Future Russian gas transit flows through Ukraine to Europe may be between 10 and 15 billion cubic metres per year, Alexei Miller, head of Russian gas giant Gazprom, said on Tuesday, which is a significant decline from current levels.
Miller issued his comments after German Chancellor Angela Merkel said that the planned new Nord Stream 2 pipeline between Russia and Germany could not go ahead without clarity on Ukraine’s role as a transit route for gas.
“We have never raised an issue about abandoning the Ukrainian transit. However, the Russian resource base has been moving northward and there won’t be the same resources in the central gas transportation corridor as it was in the past,” Miller said in a statement.

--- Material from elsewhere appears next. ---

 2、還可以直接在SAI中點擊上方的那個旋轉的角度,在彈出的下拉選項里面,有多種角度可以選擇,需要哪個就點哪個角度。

“That’s why a certain transit could still be in place, in the amount of 10-15 bcm per year, but the Ukrainian side has to explain the viability of the new transit contract,” he said.

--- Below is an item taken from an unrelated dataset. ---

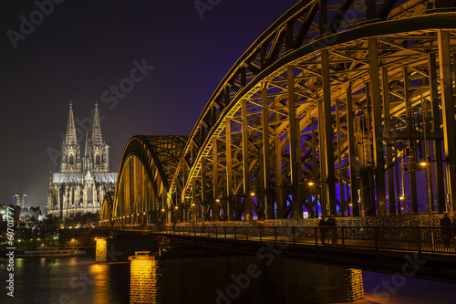 © jurajkovac, Fototapeta premium Bridge and the Dom of Cologne at night. Cologne, Germany

He did not give a time frame for when the transit could be 10-15 bcm a year.
Ukraine has been a key route for carrying Russian gas to Europe where it supplies around a third of gas needs, but Moscow and Kiev have clashed frequently over energy.
Last year, the transit amounted to more than 93 bcm, while Gazprom’s total exports to Europe and Turkey reached an all-time high of 194 bcm.
Last year, Ukraine earned around $3 billion in Russian gas transit fees.
Gazprom said last month it would terminate its gas contracts with Ukraine after it lost a court case, escalating a dispute which had left Ukraine struggling to stay warm and which the European Union said could threaten gas flows to Europe.
A Stockholm arbitration court ordered Gazprom in February to pay more than $2.5 billion to Ukrainian energy firm Naftogaz - a ruling meant to conclude a long legal battle that has run alongside Ukraine’s broader political stand-off with Russia.
Gazprom wants to bypass Ukraine as an export route and plans to build two more undersea gas pipelines to Europe: TurkStream to Turkey and Nord Stream 2 to Germany.
Eastern European and Baltic states fear Nord Stream 2, planned to run through the Baltic Sea, could increase reliance on Russian gas and undermine Ukraine’s role as a gas transit route.
The plans for the pipelines were given new impetus after relations between Moscow and Kiev plunged as Russia-leaning president Viktor Yanukovich fled Ukraine in 2014 following street protests and a pro-Moscow revolt subsequently flared in eastern Ukraine.
The current deal between Russia and Ukraine on gas purchases and transit expires at the end of 2019 and Kiev has been worrying about losing its transfer fees for shipping the Russian gas westwards to Europe.